Martínez’s later period was an intensively active one, for which reason he employed a large number of assistants, a situation that on occasions negatively affected the quality of his work. The last major commission that he undertook was the series of eight canvases painted in 1748 that depict the large-scale mascarade held in Seville in June 1747 to celebrate the ascent to the throne of Ferdinand VI and Bárbara de Braganza. Martínez died in 1749, as recorded in his death certificate in the parish church of San Lorenzo in Seville4.
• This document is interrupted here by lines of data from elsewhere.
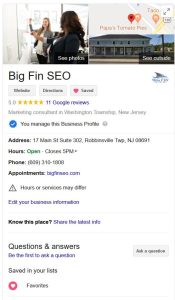 The Google Knowledge Panel displays information about your local business including location, hours of operations, and reviews. From the knowledge panel, you can access a company’s website, address, and phone number. One of the most popular aspects of a knowledge panel is access to photos.
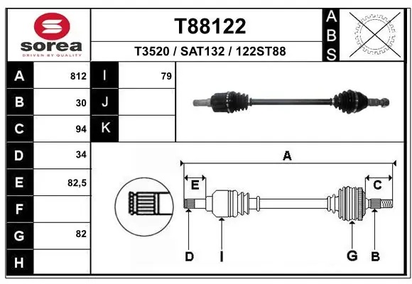 T88122 EAI Вал привода колеса в сборе с ШРУСами
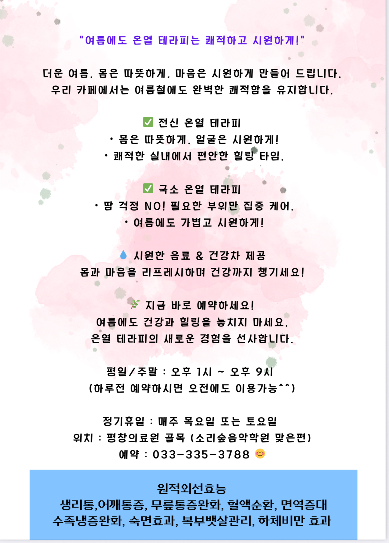 ★따숲★ 몸과맘이 건강해 지는 힐링공간 ★평창의료원골목(소리숲음악학원 맞은편)

Martínez was particularly noted as a mural painter, following the late 17th century tradition developed by Juan Valdés Leal and his son Lucas Valdés, and he would be the leading representative within this field in the first half of the 18th century5. Martínez’s mural paintings generally continue the subject matter of the altarpiece in the church in question, depiction a series of celestial and allegorical visions characteristic of Andalusian Baroque painting at its most exuberant peak. These visions consist of trompe l’oeil architectural settings and plaster surrounds; celestial spaces that extend infinitely in space; and floral garlands. Within these purely decorative elements the artist located angels and religious and allegorical scenes. The result was to create grand, theatrical compositions that achieved exceptionally dramatic and rich effects, and on occasions Martínez made use of Andrea del Pozzo’s book Perspectiva pictorum et architectorum (1693-1698) as a source for these fictive, painted spaces.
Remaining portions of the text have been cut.